2013年10月17日
米国債務引き上げ交渉の最終幕は半沢直樹の最終回を想起させる。
注目度はピークに達するが、幕引きは、グランド・フィナーレとは言い難い。早晩、続編のシナリオが透けて見える。
そもそも、米国経済の赤字体質が懸念されて久しい。しかし、「債務上限法」が問題視される事態になったのは、筆者の40年近くのキャリアの中でも、この2年ほどのことだ。
特に今年は、明らかに、米国内政争のツールとして利用されている。
米国外から見れば「いい加減にしてくれ」といいたくなるほどの、ミエミエの瀬戸際政策(brinkmanship)である。
「ドル不安」という言葉も既に定着した感があるが、今回の大統領と議会のドタバタ劇は、その不安感を増幅させた。
とはいえ、外為市場は通貨価値の相対比較の世界だ。欧州債務不安、黒田日銀の異次元緩和が同時進行する中で、ユーロ安、円安の結果としてドル高トレンドが顕在化してきた。しかし、その間、ドル不安が解消されたわけではなかった。米ドルの長期保有はためらわれるが、マネーを「米ドル」にパーキングさせている感覚で投資家はドルを保有してきた。結局、ドル不安と、ドル安は異なるのだ。
米国債にしても、米国の債務返済能力については、長く議論されてきた。最悪、デフォルトの可能性も指摘されてきた。それでも、投資家は米国債を保有し続けてきた。本欄でも繰り返し述べてきたが、「流動性への逃避」現象なのだ。
今回、債務上限問題が市場のメイン・テーマになっても、米10年債の利回りは2.6%-2.7%程度の水準で、著変はなかった。
その米国財政問題が、想定内のシナリオに落ち着きつつある今、市場には、「当面」の条件つきながらデフォルト回避の安心感が流れる。

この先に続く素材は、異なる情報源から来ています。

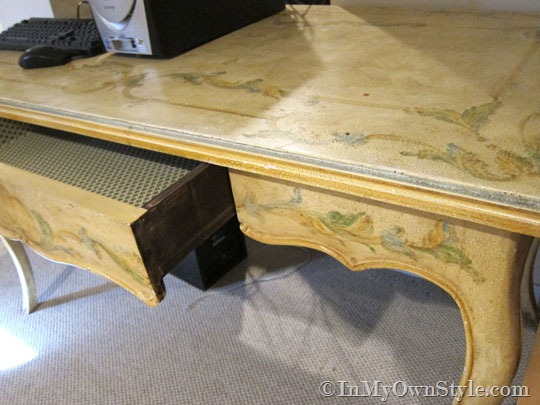 When I picked up the desk in curbside trash, it had a yellow aged and painted design. Nice, but not quite my style. The legs were pretty beaten up and white where the finish had worn in spots.

しかし、長期的に見れば、米国債を大量保有している中国・日本・中東をはじめ、世界の投資家の感じる「ドル不安」は、更に増幅されることになった。米国人も、基軸通貨の地位に甘んじてきた自国通貨の価値に対して元来無頓着であったが、さすがに今回は、「外の目」を気にし始めている。「米国債は今後も継続保有されるのだろうか」「米国経済を不安視する国際的風潮が強まるのではないか」「マネーの米国離れ懸念」などの論調がウォール・ストリートのみならずメイン・ストリート即ち一般国民の間でも明らかに増えている。
そこで相対的に浮上してきたのが、日本株である。
「ジャパン」というセクターがウォール街でも今更のように再認識されている。
「漁夫の利」とでもいおうか。
アベノミクスのシナリオが描きやすいので、アナリストの間でもリスク分散の観点から資産アロケーションの一選択肢として「定番メニュー」として定着しつつある。「ジャパン・パッシング」(日本素通り)の頃とは様変わりである。勿論、ポジティブ・シナリオとネガティブ・シナリオの両論併記だが、米国経済のネガティブ面と日本株のポジティブ面が強まっていることはたしかだ。外為市場同様、これも相対評価である。

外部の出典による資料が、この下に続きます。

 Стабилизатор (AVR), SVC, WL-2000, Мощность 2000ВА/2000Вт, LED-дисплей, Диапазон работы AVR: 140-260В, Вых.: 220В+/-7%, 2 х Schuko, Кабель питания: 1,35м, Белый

ちなみに、その他の選択肢、つまり日本株のライバルとしては、一部に見直し機運がみられ割安感も指摘される欧州株と新興国株が挙げられる。
なお、市場のテーマは、米国財政政策から再びFOMC、イエレン新体制のFRBなど金融政策にシフトしつつある。
debt ceiling(財政上限)からtaper(量的緩和縮小)への回帰である。
なお、金価格は、結局、このドタバタで価格水準を1270-80ドルまで切り下げた。2011年に米国債格下げで1900ドル突破の史上最高値とつけたときと様変わりである。やはり、基本的な米国金融緩和縮小、更に引き締めへの転換が底流として効いている。
長期的には、1200ドル台が底値圏、短期的には1100ドル台も、との見方に変わりはない。